Cette femme, c’est Marina (jouée par Joana de Verona) et pour cause d’un terrible accident dû à des acouphènes lors d’une compétition, elle a quitté les hauteurs du plongeoir pour la profondeur d’un aquarium, délestant le maillot de bain sportif pour la tenue de sirène. Dorénavant seule et enfermée comme n’importe quel animal en captivité voué à faire de ses mouvements de vie un spectacle lucratif, Marina tourne en rond dans un bocal manquant d’oxygène. Elle retrouve la surface lorsque l’athlète qui la remplace lui demande de l’entraîner. 

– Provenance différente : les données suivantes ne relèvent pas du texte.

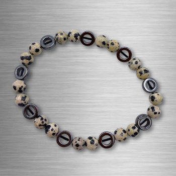 Ce magnifique bracelet est composé de perles d’hématite de jaspe dalmatien, une combinaison de pierres qui allie la force d’ancrage et la protection de l’hématite à la spontanéité et à la joie de vivre du jaspe dalmatien.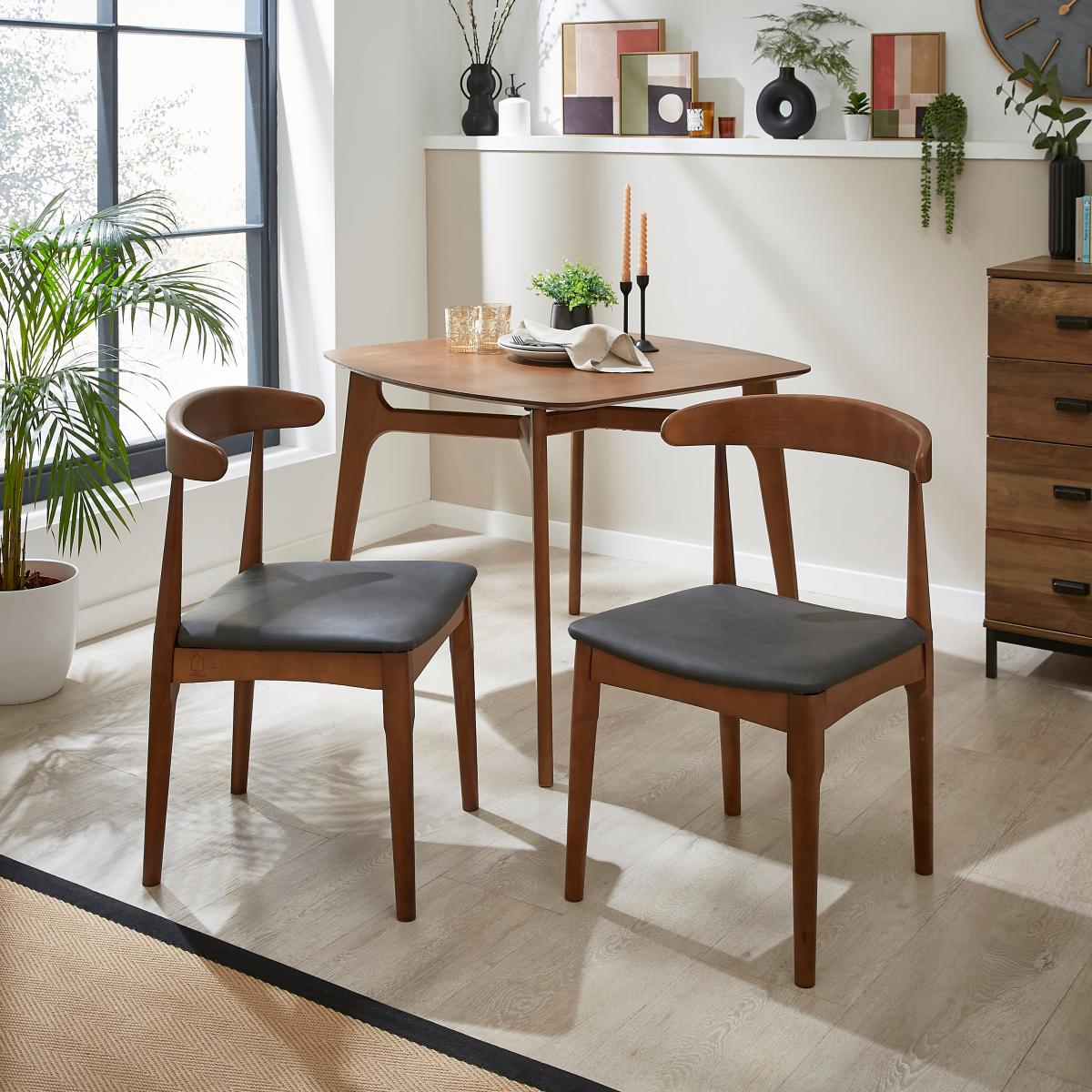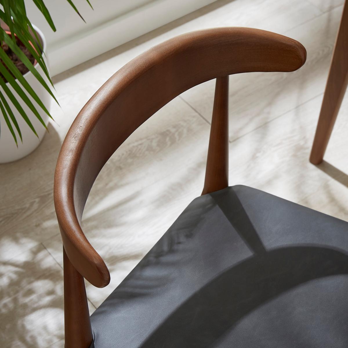 I love this chair for its sleek, modern silhouette combined with the versatile black faux leather, making it a practical yet stylish choice for a variety of dining interiors. It works particularly well in contemporary, minimalist, or mid-century schemes, where its clean lines can really shine. When styling, consider pairing it with warm wood tones or contrasting textures for visual interest, and keep the space light and airy to avoid it feeling too heavy. Practical tips include adding a colourful or textured seat pad for extra comfort and using statement accessories like a rug or standout table to anchor the setting. Overall, it’s a timeless piece that balances style and functionality effortlessly.

Grâce aux couleurs, aux sons et aux techniques permises par le cinéma, Gregorio Graziosi élabore une expérience sensorielle : donner à voir et à entendre l’invisible. De la même manière que les plus grands films sur le sport, Tinnitus (dont la traduction est acouphène) est un film marqué par la mystique du sort contraire qui s’acharne sur ceux qui semblent se battre contre un destin qui finit par les écraser. D'abord, en plongeon synchronisé, il est question de chuter, encore et encore, en convoquant les règles d'un art. Ensuite, il n’est pas question de face-à-face avec un adversaire comme à la boxe, ici, on saute par deux, l’une à côté de l’autre, cherchant la synchronisation d’une même danse volante. L’adversaire, plus que jamais, est à l’intérieur. Si un suivi médicamenteux, représenté par un conjoint médecin, peut entraver l'acouphène, Marina entend être une femme à part entière, libre, désireuse de repousser la maternité, pratiquer une discipline qui lui permettrait de nouveau de nager dans le bonheur. En suivant la voie de la compétition, Marina suit le parcours que connaissent trop de sportifs de haut niveau, à savoir une négation de leur propre corps et les dommages collatéraux qui l'accompagnent. Un corps sourd à ses propres besoins, devenu objet pour des ambitions.  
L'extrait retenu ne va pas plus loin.